The Global Alliance for Genomics and Health is being formed to clear the hurdles blocking such a useful technological tool.

The Alliance intends to address the current issues with the rights and permission for data from previous studies; set up a standardised format for ‘factory-scale’ sequencing, allowing the harmonisation of currently disparate data; and create a similarly harmonious set of clinical terms for communicating across borders and formats.

The price of genome sequencing has dropped faster than most expected in recent years, and it is now on a trajectory to become a relatively inexpensive check with massive possibilities.

“I think that time may be coming sooner rather than later, which is a pretty remarkable thought,” Dr Dinger says of the day when generating a full sequence is an easy task.
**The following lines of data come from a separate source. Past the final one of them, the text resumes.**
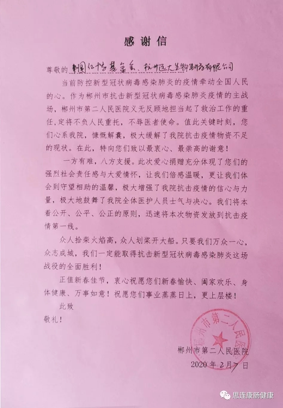 杭州遠(yuǎn)大生物制藥有限公司負(fù)責(zé)人表示:“希望通過(guò)捐贈(zèng)思連康,在疫情的防控方面盡微薄之力,使患者早日康復(fù),疫情早日結(jié)束?!?/span>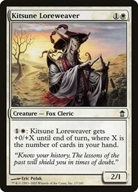 1W: Kitsune Loreweaver gets +0/+X until end of turn, where X is the number of cards in your hand.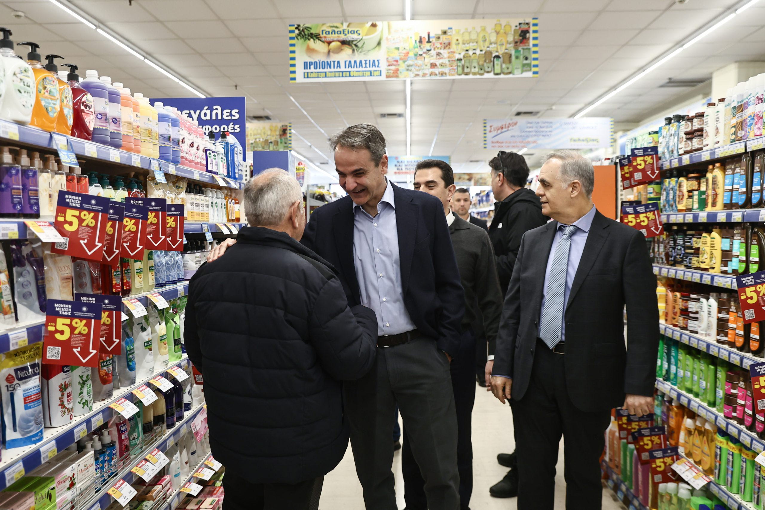 Σούπερ μάρκετ στη Λένορμαν επισκέφτηκε αιφνιδιαστικά το πρωί της Τρίτης (5/3) ο Κυριάκος Μητσοτάκης. Ο πρωθυπουργός θέλησε να ελέγξει την έναρξη εφαρμογής των νέων μέτρων για την ακρίβεια, η οποία σύμφωνα με την κυβέρνηση αναμένεται να φέρει πτώση στην τιμή σε χιλιάδες προϊόντα.
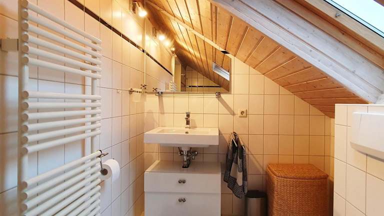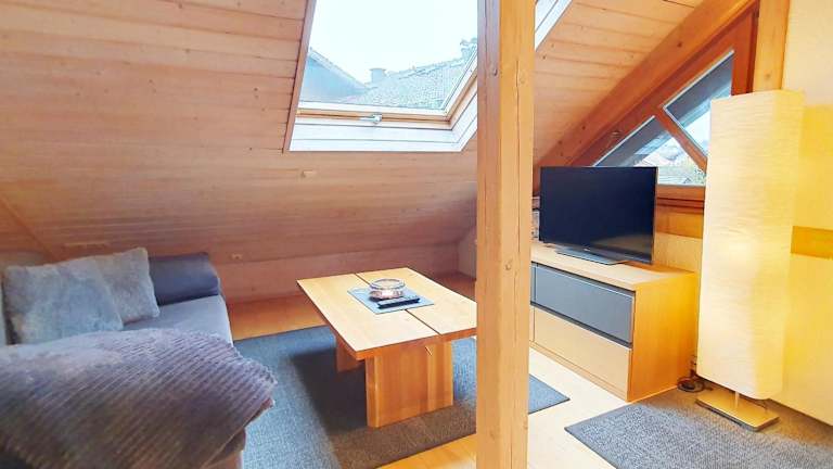 Die Ferienwohnung besteht aus einem Schlafzimmer und einem Wohnzimmer. Zur Ausstattung gehören ein Flachbild-TV, eine gut ausgestattete Küchenzeile mit Kühlschrank und Ofen sowie ein Badezimmer mit Badewanne. Handtücher und Bettwäsche werden bereitgestellt.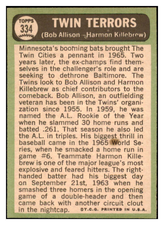 1967 Topps Baseball #334 Harmon Killebrew Bob Allison NR-MT 528958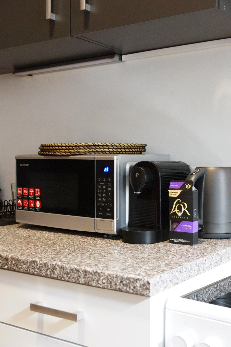 Oferta apartamentu obejmuje sypialnię (1), salon, kuchnię z pełnym wyposażeniem, w tym lodówką i ekspresem do kawy, a także łazienkę (1) z prysznicem oraz bezpłatnym zestawem kosmetyków. W apartamencie zapewniono ręczniki i pościel.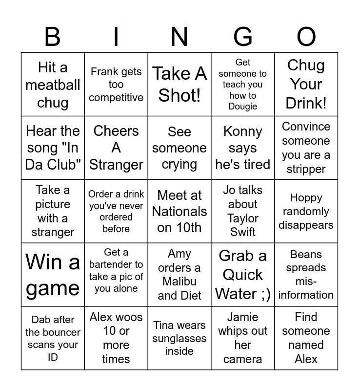 This bingo card has a free space and 24 words: Get a bartender to take a pic of you alone, Alex woos 10 or more times, See someone crying, Dab after the bouncer scans your ID, Chug Your Drink!, Hit a meatball chug, Hear the song "In Da Club", Frank gets too competitive, Jo talks about Taylor Swift, Amy orders a Malibu and Diet, Konny says he's tired, Take a picture with a stranger, Grab a Quick Water ;), Beans spreads mis-information, Cheers A Stranger, Jamie whips out her camera, Hoppy randomly disappears, Take A Shot!, Convince someone you are a stripper, Order a drink you've never ordered before, Find someone named Alex, Win a game, Get someone to teach you how to Dougie and Tina wears sunglasses inside.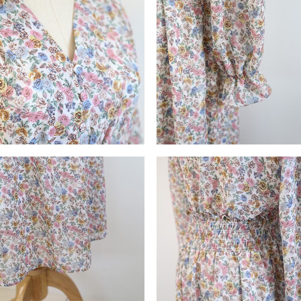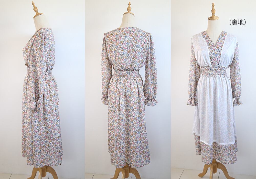 【再入荷】ウエスト絞りの小花柄フレアワンピース_e0002101029

“No-one knows what’s coming next, no-one has a crystal ball... except maybe the manufacturers of the instrumentation,” he joked.

“Even now it’s already at a price in line with a lot of other types of testing, such as an MRI... it’s actually much cheaper than it is to get a set of braces, which pretty amazing really.”

“It’s already in the domain where it’s affordable to anyone that needs it.”

For many people, the concept of knowing their exact genetic make-up is more concerning than exciting, and for those it will remain a clinical tool only for a time of need. While it is true that some genetic precursors signal conditions with no cure, Dr Dinger says he prefers to deal with information over unknowing.

“It’s a very reasonable case to say you don’t want to know if you can’t change something, so I can see why someone would choose not to” he said.

“But I think the case for those types of things that are completely preventable is tremendously valuable... if you learn, for example, that you have a very high susceptibility to something like diabetes, where a lifestyle change might be just the thing that staves that off... a lifetime being dependant on insulin injections, I think that’s a choice most people would like to make if they knew in advance.”

As for the sequencing of the genome becoming a central part of healthcare (and insurance); “that’s another bridge entirely,” 

“We’ll have to wait and see how governments respond to this, and to what extent they see the value both economically and practically to patients.”

“It wouldn’t surprise me to see within ten years that this was all but ubiquitous,” he said.